Nina Paley didn’t set out to be an anti-copyright activist. She just wanted to make an animated film. The battle over unfair copyright laws and exorbitant fees for music rights came later.
The seeds of Paley’s charming Sita Sings the Blues were planted as her marriage was coming apart. Her husband took a job in India and communication rapidly broke down. Paley, a cartoonist with a solid reputation in the underground comics scene, moved to India to be with him, but things weren’t going well.
She started work on a comic book, using her laptop with a tablet attachment. “The easiest way for me to do the characters was to just draw them in Flash,” explains Paley, whom we spoke to by phone. “I thought at the most these would just be illustrations. Then I thought, well, it won’t take much to move them around.
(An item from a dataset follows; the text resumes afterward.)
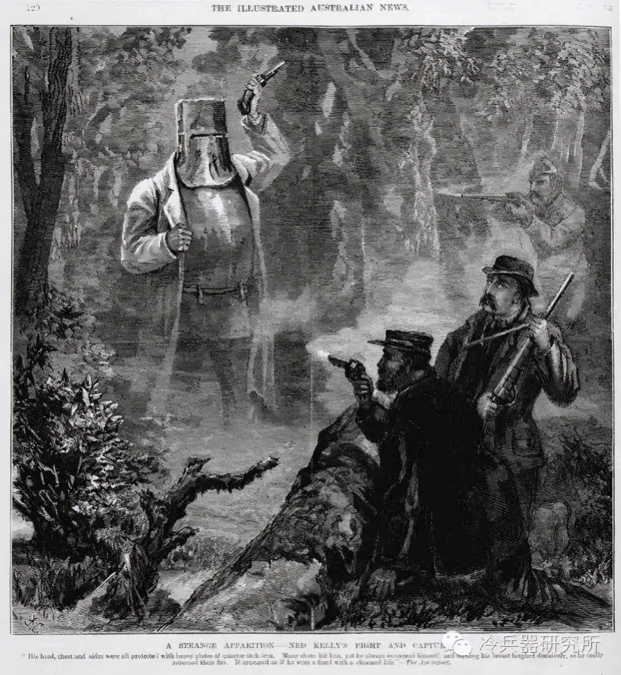 之前,为了对付军警的火力,内德·凯利为帮众设计了一套甲胄,形如古代的铠甲,由铁犁改造而成。这些甲胄,也是凯利帮后来后世的标志性符号。

I just kept playing with them.”
With disarming casualness, Paley recalls what happened next: “Then when I got to New York, you know, my husband dumped me by e-mail, and I heard Annette Hanshaw for the first time. Various things changed and I thought, I would like to do a short film with the Annette Hanshaw songs.”
At the same time, Paley became fascinated with the Ramayana, the ancient Hindu epic. She was especially drawn to the story of Sita, Rama’s wife, the quintessential woman done wrong. She’s kidnapped by a man who lusts after her. Rama saves her but then refuses to take her back because he can’t be sure she hasn’t been “defiled.” He’s convinced of her virtue by an actual trial by fire and takes her back, only to banish her when he finds that his people don’t respect him because they doubt her purity.
Paley made a jaunty short, in which an animated Sita, who looks strikingly like Betty Boop, lip-synchs to a Hanshaw recording of the torch song “Mean to Me.” Paley got a lot of positive feedback, which led her to plunge into the more ambitious project of making a feature-length film that would simultaneously tell the story of Sita and of Paley’s own breakup.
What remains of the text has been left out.